═══ Raw data ═══

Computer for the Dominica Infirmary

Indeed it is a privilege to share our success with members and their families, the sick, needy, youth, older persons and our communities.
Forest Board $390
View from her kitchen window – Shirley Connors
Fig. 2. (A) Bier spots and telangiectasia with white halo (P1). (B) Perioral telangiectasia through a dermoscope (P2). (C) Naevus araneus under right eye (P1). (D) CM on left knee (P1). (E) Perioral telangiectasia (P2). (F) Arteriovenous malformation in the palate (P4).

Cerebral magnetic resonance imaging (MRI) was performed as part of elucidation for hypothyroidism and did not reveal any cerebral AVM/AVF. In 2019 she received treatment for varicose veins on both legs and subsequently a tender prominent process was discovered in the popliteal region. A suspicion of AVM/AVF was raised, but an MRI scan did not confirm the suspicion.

═══
═══ Raw data ═══

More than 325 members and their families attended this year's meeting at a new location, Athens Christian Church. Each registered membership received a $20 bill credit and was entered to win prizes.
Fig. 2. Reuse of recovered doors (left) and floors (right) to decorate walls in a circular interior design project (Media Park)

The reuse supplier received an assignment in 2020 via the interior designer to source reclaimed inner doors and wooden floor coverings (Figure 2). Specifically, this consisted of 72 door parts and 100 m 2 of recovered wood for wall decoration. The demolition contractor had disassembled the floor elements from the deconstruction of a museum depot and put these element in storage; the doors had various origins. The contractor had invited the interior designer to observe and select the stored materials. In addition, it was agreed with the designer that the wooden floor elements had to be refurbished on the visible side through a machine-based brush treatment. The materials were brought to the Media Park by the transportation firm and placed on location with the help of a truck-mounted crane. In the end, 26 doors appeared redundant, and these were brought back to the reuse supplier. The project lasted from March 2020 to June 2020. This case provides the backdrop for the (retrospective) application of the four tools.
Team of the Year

═══

The reply should hold only the lines of the listing above starting at the line containing "View from her" and ending at the line containing "Fig. 2. (A)", exactly as written.

* The completed task:
View from her kitchen window – Shirley Connors
Fig. 2. (A) Bier spots and telangiectasia with white halo (P1). (B) Perioral telangiectasia through a dermoscope (P2). (C) Naevus araneus under right eye (P1). (D) CM on left knee (P1). (E) Perioral telangiectasia (P2). (F) Arteriovenous malformation in the palate (P4).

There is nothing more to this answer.